TCL macerasından BlackBerry, bölüme tekrardan katılmak için en son 2020’de OnwardMobility isimli bir teşebbüsle muahedeye vardı. Günümüz standartlarına ayak uydurabilecek 5G irtibatlı yeni bir BlackBerry beklerken geçen yıl Şubat ayında OnwardMobility, projenin iptal edildiğini duyurdu. Çünkü BlackBerry idaresi, apansız taşınabilir teknolojilerle ilgili tüm patentlerini 600 milyon dolara satarak geçmişinden uzaklaşmaya karar vermişti.
Böyle bir kıssanın sonunda bu şirketin battığını düşünmüş olabilirsiniz ancak tam bilakis BlackBerry, üç binden fazla çalışanıyla siber güvenlik konusunda uzmanlaşmış bir yazılım devine dönüştü. Hatta geçen yıl elde ettiği 500 milyon dolarlık kâr, BlackBerry’nin bu alandaki muvaffakiyetini gözler önüne seriyor. Ayrıyeten, BlackBerry 10 işletim sisteminin temelini oluşturan QNX’in de sayısız arabaya hayat verdiğini biliyoruz.

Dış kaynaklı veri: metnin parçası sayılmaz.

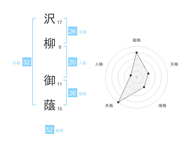 沢柳 御蔭さんの総格は52画の4点!
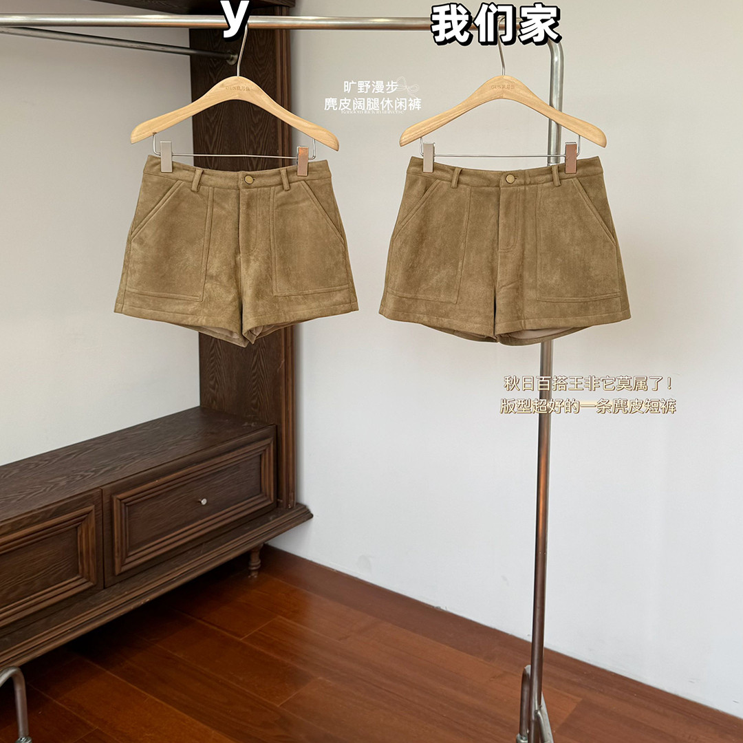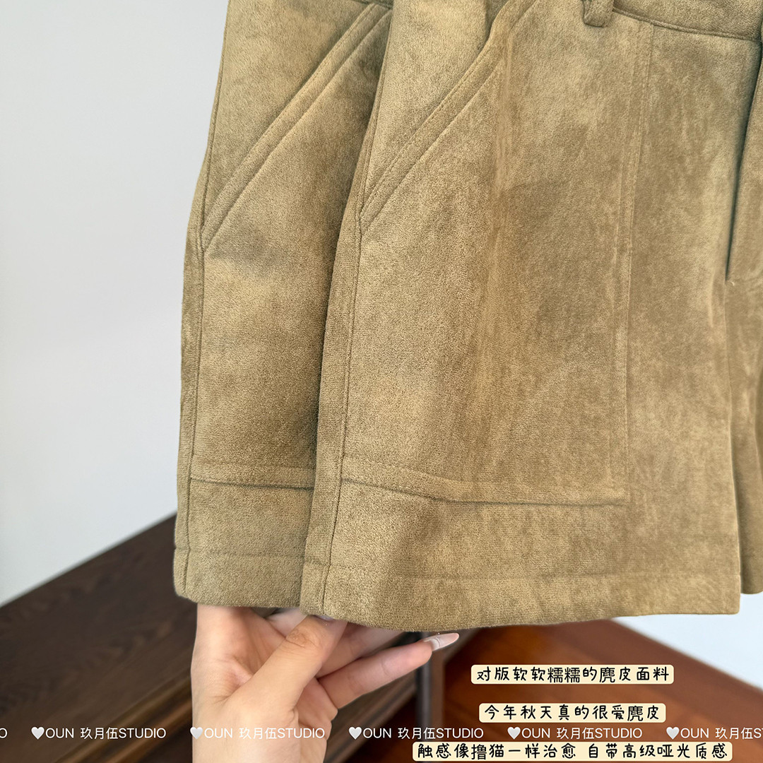 淘宝复古通勤风卡其色麂皮阔腿短裤女秋冬新款大口袋高级感辣妹工装裤

Bir vakitler taşınabilir tarafta rüzgar üzere esen BlackBerry’nin tüm serüvenini siz okurlarımızla birlikte irdelemiş olduk. Pekala sizler ne düşünüyorsunuz? Geçmişte hangi BlackBerry aygıtları kullandınız? Yorumlarınızı bizlerle paylaşmayı unutmayın.